Bug #19571
closedarvados-cwl-runner scattering bug
100%
Description
Hi all,
The attached simple CWL workflow and inputs file returns the following error when run with arvados-cwl-runner:
$ arvados-cwl-runner workflow-fixed.cwl cwl.inputs.json
INFO /usr/bin/arvados-cwl-runner 2.4.2, arvados-python-client 2.4.2, cwltool 3.1.20220623174452
INFO Resolved 'workflow-fixed.cwl' to 'file:///home/tom/temp/crunch-failure/workflow.cwl'
INFO Using cluster xxxxx (https://xxxxx.yyyyy.com/)
ERROR Input object failed validation:
identifier field '['string one', 'second string', 'three three three']' must be a string
This was surprising given that this workflow works just fine with cwltool (3.1.20220802125926).
We suspect that this may have to do with us calling the same scattered step twice, but unsure exactly as to why.
Files
Updated by Peter Amstutz about 2 years ago
- Target version set to 2022-10-12 sprint
Updated by Peter Amstutz about 2 years ago
- Target version changed from 2022-10-12 sprint to 2022-10-26 sprint
Updated by Peter Amstutz about 2 years ago
- Target version changed from 2022-10-26 sprint to 2022-11-09 sprint
Updated by Peter Amstutz about 2 years ago
- Related to Bug #19678: arvados-cwl-runner: id name must be a string added
Updated by Peter Amstutz about 2 years ago
- Related to deleted (Bug #19678: arvados-cwl-runner: id name must be a string)
Updated by Peter Amstutz about 2 years ago
- Has duplicate Bug #19678: arvados-cwl-runner: id name must be a string added
Updated by Peter Amstutz about 2 years ago
I think this is actually the same bug as was reported again in #19678, the having a input parameter named name
runs into trouble.
Updated by Joshua Randall about 2 years ago
Having an input parameter with an id of 'name' does work as long as the type is "string" - the problem occurs when the type is anything other than "string".
Note also that this does not only apply to input parameters but to field names as well.
i.e. this is valid:
'''
type:
type: record
fields:
- name: name
type: string
'''
but this is rejected:
'''
type:
type: record
fields:
- name: name
type: boolean
'''
We have confirmed that simply removing the two places in schema_salad where it explicitly throws a ValidationException when it finds a value for a name field that is not of type str solves this problem, and arvados-cwl-runner still works for all of our test cases.
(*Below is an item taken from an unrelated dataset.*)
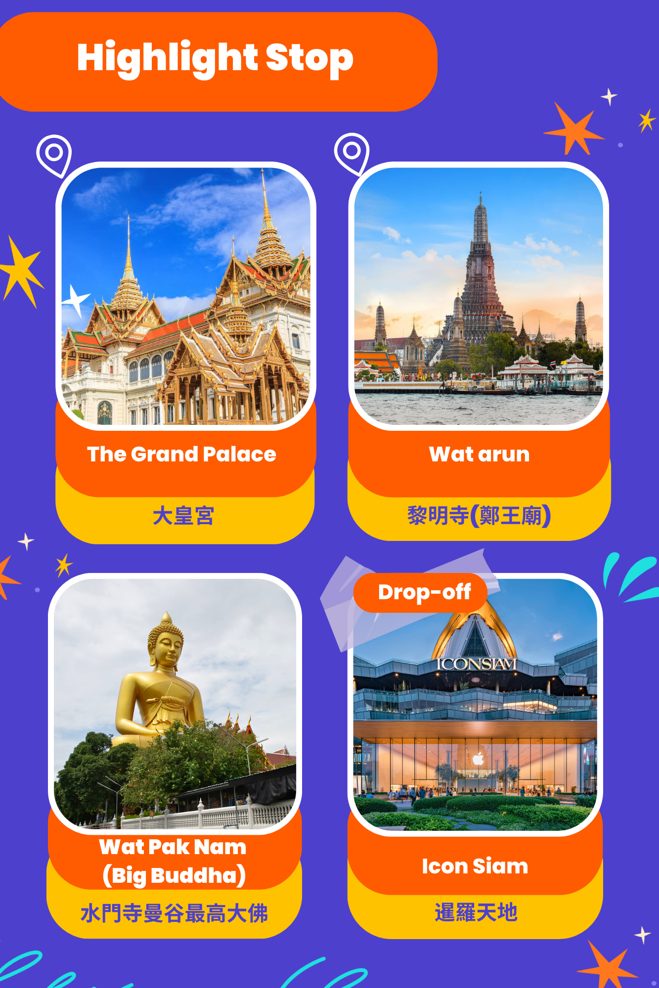 踏上难忘的寺庙一日游,探索曼谷雄伟的地标。从令人惊叹的大皇宫开始您的旅程,那里闪闪发光的金色尖顶和复杂的建筑细节将您带入一个富丽堂皇的世界。接下来,参观黎明寺,它沿着湄南河优雅地矗立,其引人注目的陶瓷马赛克设计吸引着您的感官。在白南寺 (Wat Pak Nam) 结束您的冒险之旅,这是一颗隐藏的宝石,以其宁静的氛围和宁静的花园而闻名。
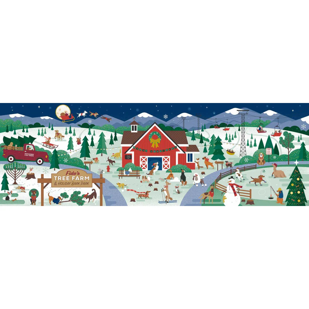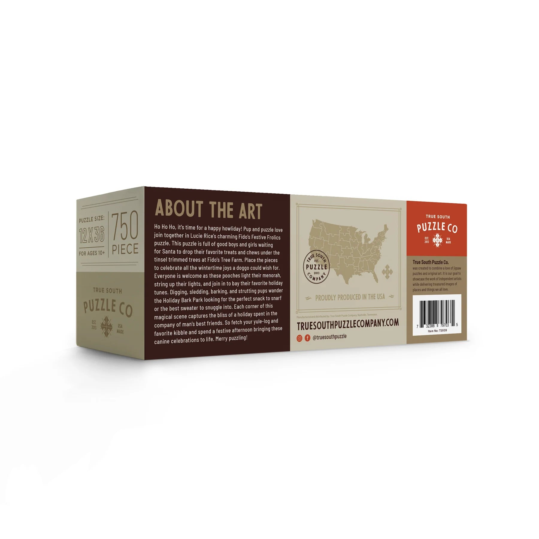 Ho Ho Ho, it's time for a happy howliday! Pup and puzzle love join together in Lucie Rice's charming Fido's Festive Frolics puzzle. This puzzle is full of good boys and girls waiting for Santa to drop their favorite treats and chews under the tinsel trimmed trees at Fido's Tree Farm.

We have not yet investigated why this problem appears to be specific to arvados-cwl-runner and is not an issue for cwltool. That seems a bit surprising since they both use schema_salad, but perhaps they are invoking it in a different way?
Updated by Joshua Randall about 2 years ago
- File 19571-ref_resolver.patch 19571-ref_resolver.patch added
For our use-cases the attached patch (simply removing the two raise statements) completely solves this issue.
Updated by Peter Amstutz about 2 years ago
Hey Josh! Good to hear from you.
The way that arvados-cwl-runner
reads the workflow, packs it, and re-reads the packed version has occasionally turned up bugs on the second trip through the sausage machine (parsing and loading). I'll give this a look.
Updated by Peter Amstutz about 2 years ago
19678-job-loader @ e2267bd99209651c61425f335230e515421b2ef4
- Fix for parameters called 'name'
- Also fix regression involving default file references appearing in
nested processes (inline declaration of a tool within a workflow).
- Also fixed some dependency issues preventing arvados/jobs developer
image from working.
Updated by Peter Amstutz about 2 years ago
- Status changed from New to In Progress
Updated by Peter Amstutz about 2 years ago
- Status changed from In Progress to Resolved